Let primes denote total derivatives with respect to $t$
and subscripts denote partial derivatives,
so that $t_\lambda=\lambda_t=0$ but
$\lambda'=\frac{d\lambda}{dt}$ is "irreducible"
(and not necessarily zero),
and assume that all derivatives below exist.
Given the equation
$$
c'=\frac{d}{dt}c(t,\lambda)=f(c,\lambda)
$$
for the total derivative of $c$ with respect to $t$,
note that (a priori)
$$
dc
=\frac{\partial c}{\partial t}dt
+\frac{\partial c}{\partial \lambda}d\lambda
\quad\implies\quad
c'=c_t+c_\lambda\lambda'
$$
which in our case (a posteriori),
i.e. from $f=c'$, implies that
$$
\frac{\partial c}{\partial \lambda}
=c_\lambda=\frac{c'-c_t}{\lambda'}
=\frac{f-c_t}{\lambda'}.
$$
Although $c_t$ and $c_\lambda$ are,
like $c(t,\lambda)$, functions of the
independent variables $t$ and $\lambda$,
they nevertheless also satisfy a constraint
with respect to the the total derivative.
This is true a priori.
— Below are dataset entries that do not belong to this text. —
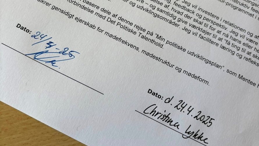 Mentorordningen er en del af Moderaternes talentprogram, men Christina og Nikolaj ser det som langt mere end en formalitet. For dem er det et budskab:
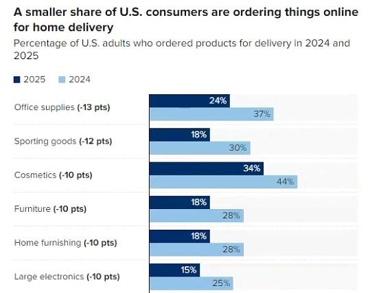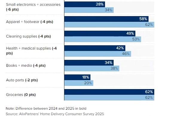 图:美国进行送货上门网购的成年人比例下降(各商品类别2024年和2025年对比)
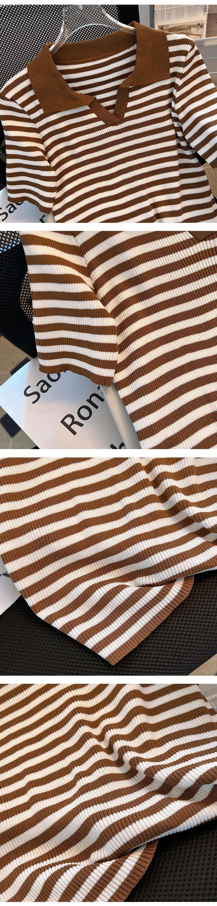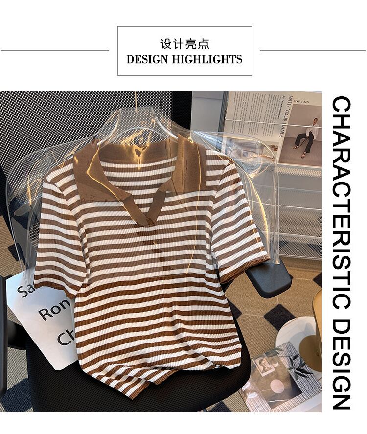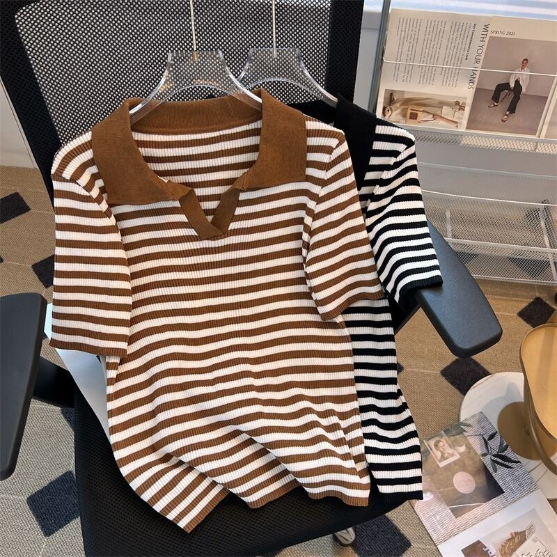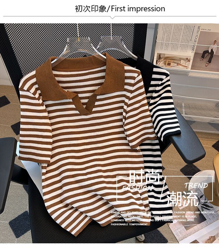 プラスサイズの婦人服 2023 トレンディな女性の夏の新しいファット シスター ポロ襟ニット半袖スリム シックな v ネック ショート t シャツ 大きめサイズ サマー 夏物 Vネック Tシャツ 8884152549817449

However, in our case,
we are given that $c$ satisfies an ordinary
differential equation with respect to time,
i.e. the total derivative of $c$ with respect to "time" $t$
is itself a function $f$ of $c$ and $\lambda$.
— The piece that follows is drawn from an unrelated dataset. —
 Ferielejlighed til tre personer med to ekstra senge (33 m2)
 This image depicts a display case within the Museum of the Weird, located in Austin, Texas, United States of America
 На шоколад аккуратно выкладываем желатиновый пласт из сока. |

This is specific to our problem (a posteriori),
and introduces extra paths (from $c'$ to $c$ and $\lambda$),
but not cycles, in the directed graph
or DAG of variable dependencies depicted below.
These extra dependency paths are shown in green,
while the original depenencies of $c(t,\lambda)$ are red,
and all the rest, which follow from a priori principles
(like the total derivative a.k.a. chain rule formula are black).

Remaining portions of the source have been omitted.